This is the third part in a series of articles documenting my new PC build. I suggest you check out my previous two articles "Building My Next PC - Intel Ivy Bridge" and "My Next PC - The Build" before proceeding.

The final phase of the build process is setup and overclocking. When it comes to overclocking I am always interested in finding the best 24x7 settings that balance performance, temperature and sound. It's always great fun trying to find the maximum achievable performance for each component, but if the system is only stable for a few minutes, or sounds like a hair dryer, then in my opinion it's already a failure.

I don't intend for this article to be an overclocking guide, but I will share any rules that I follow, including any tips and tricks that I have picked up along the way. A great starting point is research, specifically to understand the limits of each of your components.
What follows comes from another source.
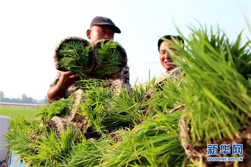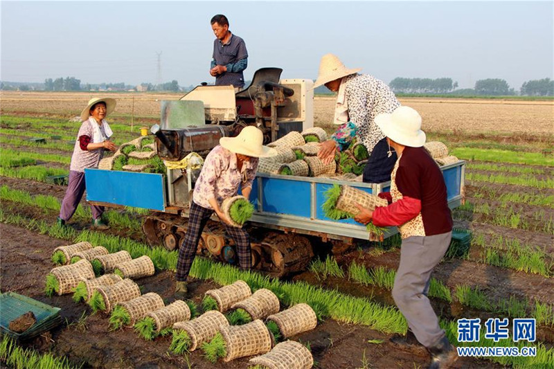 6月14日,安徽省全椒縣一專業(yè)合作社的農(nóng)民在搬運(yùn)秧苗。
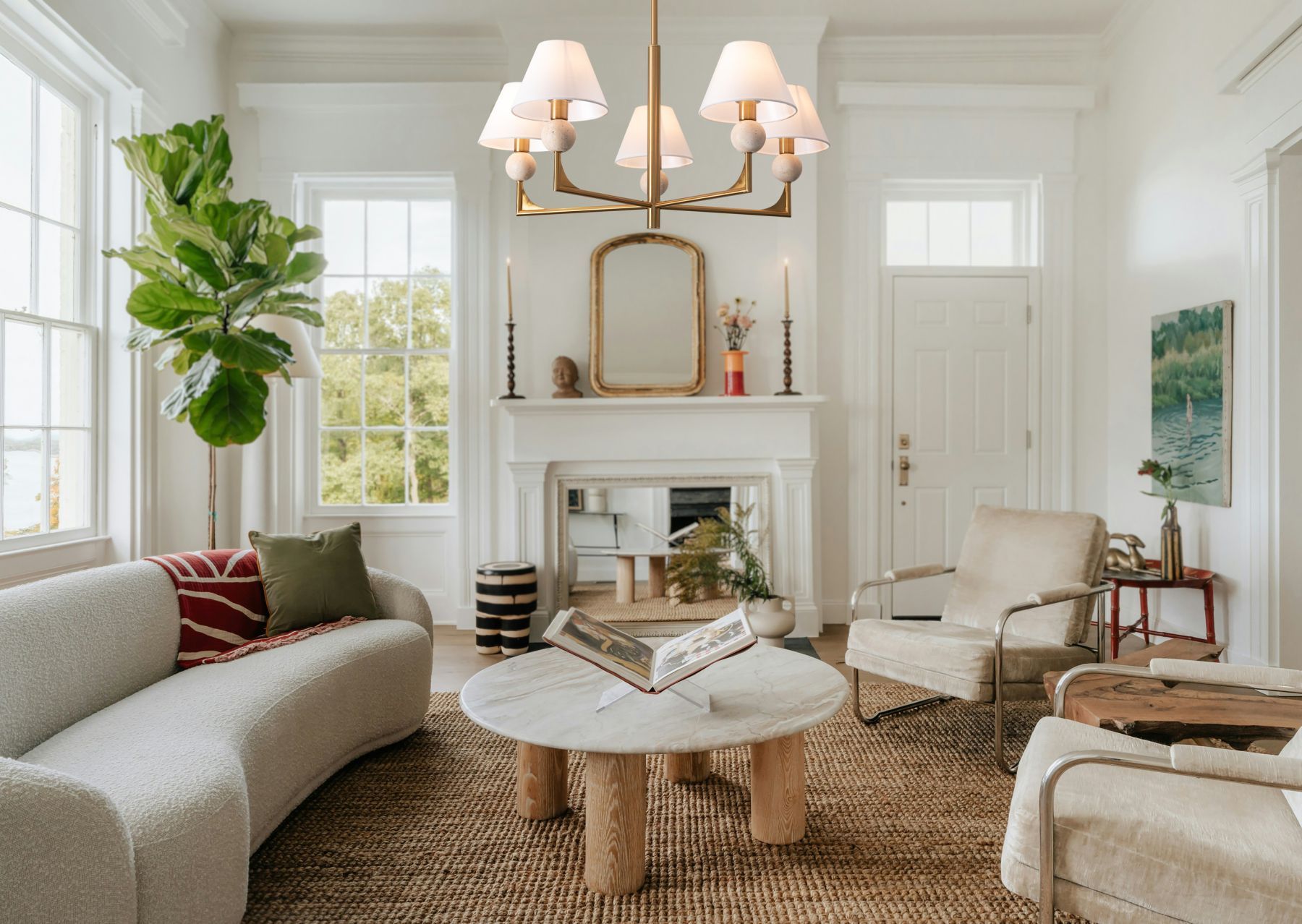 Материал арматуры — металл. Цвет металла — латунь. Абажуры выполнены из белой ткани, которые мягко рассеивают свет. Потолочные и настенные светильники с цоколем E14. Декоративные элементы в форме шара на плафоне выполнены из травертина. Металлическая форма арматуры строгой геометрической формы с пластинами из латуни. Подходит для оформления элегантных классических пространств.

For example, what is the maximum recommended power and heat specification for each component you intend to overclock? The best way to find this information is to head over to the manufacturers website or community forums. You can see the details for my new system below:

This information is critical when overcloking as it sets your limits to ensure you don't damage any of your components. It should be noted that the information above is for air cooling, therefore if you have high end water cooling or are using liquid nitrogen (some people do), then you will likely have a different set of limits (due to the lower temperatures).

The next step is to start the testing process. For this I make sure I test each component individually (with all other components at default) to find the maximum value for each. I normally start with the processor, moving to the memory and finally the graphics card, however this is personal preference.
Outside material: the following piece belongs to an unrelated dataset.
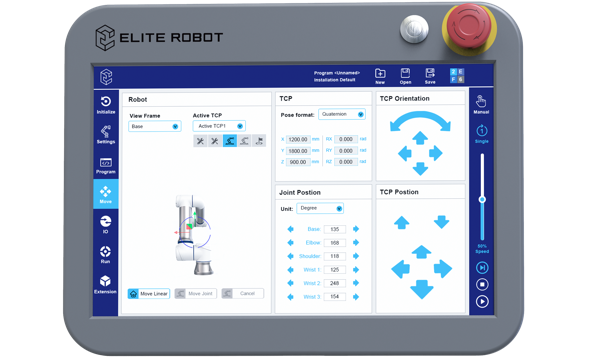 艾利特CS系列協(xié)作機(jī)器人采用新型的輕量寬屏示教器,用戶界面經(jīng)過重新設(shè)計,操作直觀,支持觸屏控制。基于對用戶使用習(xí)慣的理解,艾利特優(yōu)化了編程流程,并簡化了編程步驟,只需在示教器上點(diǎn)擊幾下,便可完成編程,從而減輕用戶學(xué)習(xí)負(fù)擔(dān),上手更快速,幫助用戶和集成商加快項(xiàng)目開發(fā)周期。用戶能充分體驗(yàn)到CS系列簡約現(xiàn)代的外觀,以及工具欄中醒目而直觀的圖標(biāo),導(dǎo)航更方便,使用更流暢。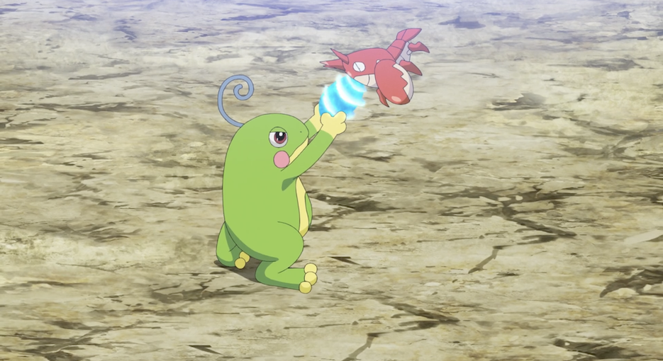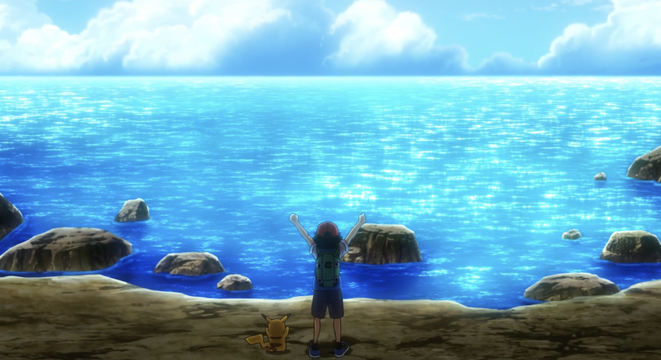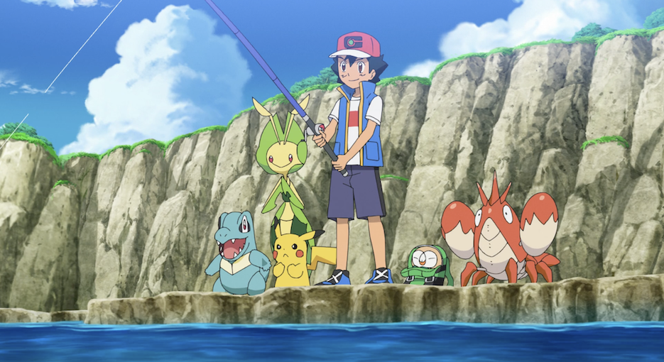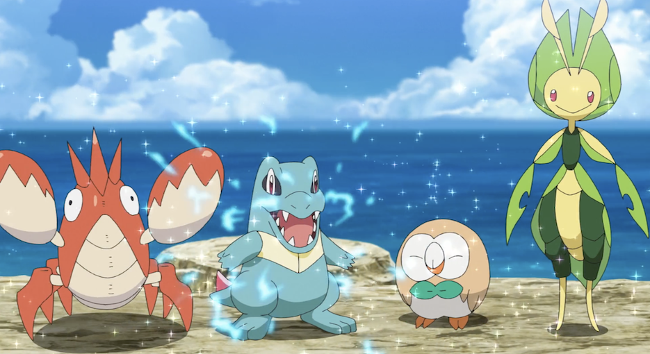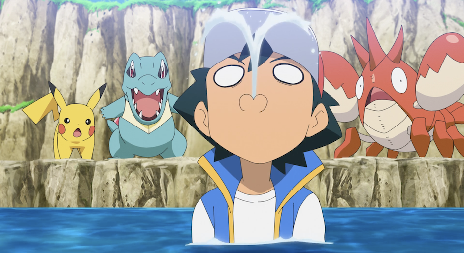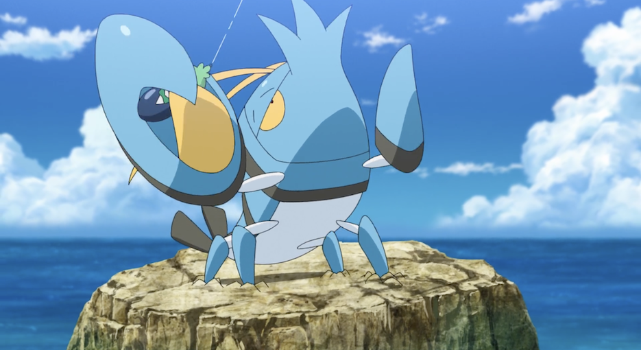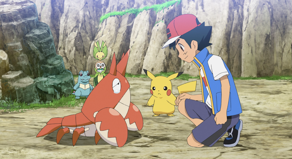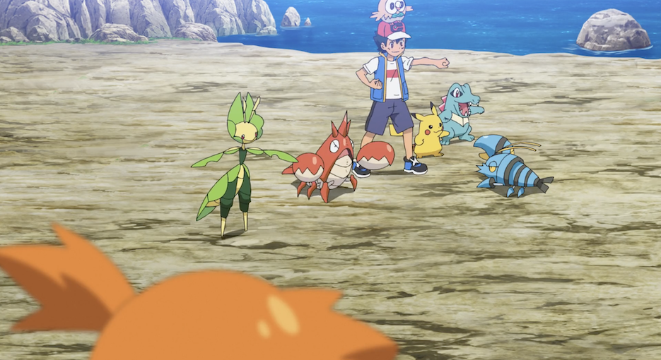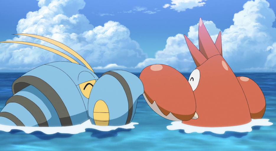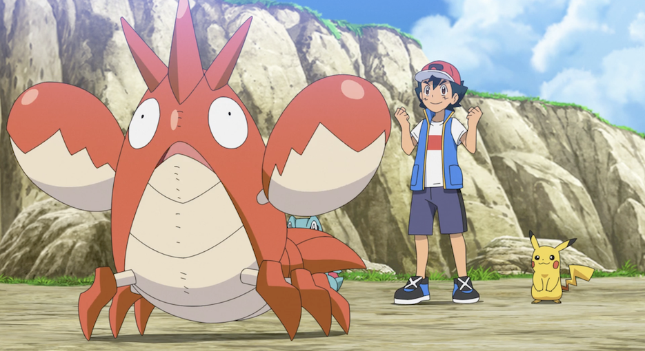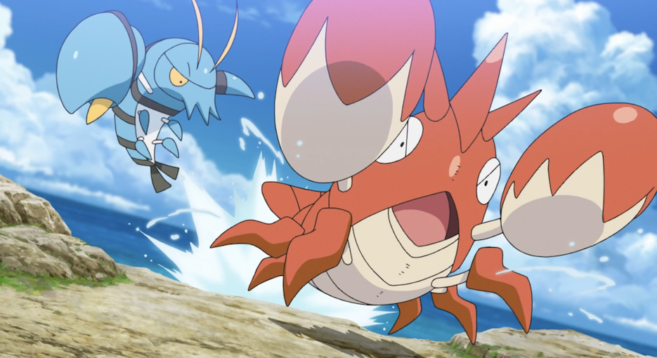 Ash und Pikachu sind an der Küste, wo die beiden den Anblick des Meeres gemeinsam mit Ashs Pokémon Karnimani, Krebscorps, Matrifol, Bauz, die er diesmal in seinem Team dabei hat, genießen. Besonders Krebscorps scheint begeistert und stürmt sofort ins Wasser, wobei sogar die anderen Pokémon ins Wasser stürzen. Freudig schwimmt es dann umher.

To guarantee a component is stable I normally run a batch of tests that aim to push the system to 100% utilisation (essentially a stress test). Throughout the entire testing process I carefully monitor the voltage and temperature using CPUID HWMonitor and GPU-Z, as well as look for any unusual behavior (display artifacts, software errors, etc). In my opinion, if a component can pass each test without breaching any of the previously mentioned limits (for example temperature) then it can be considered stable. The batch of tests I complete are:

• Prime95 (1 hour)
• SuperPi (32M)
• 3DMARK 11 (Performance Mode)
• PCMARK 7

The entire test process takes approximately 2 hours, which can be a pain but is a necessary evil to ensure the system is stable. Once I have found the maximum stable performance / voltage / temperature ratio I normally scale back a touch for my 24x7 settings. At this point I reset to default and move on to the next component. Only once I have data for all the components do I combine the configuration.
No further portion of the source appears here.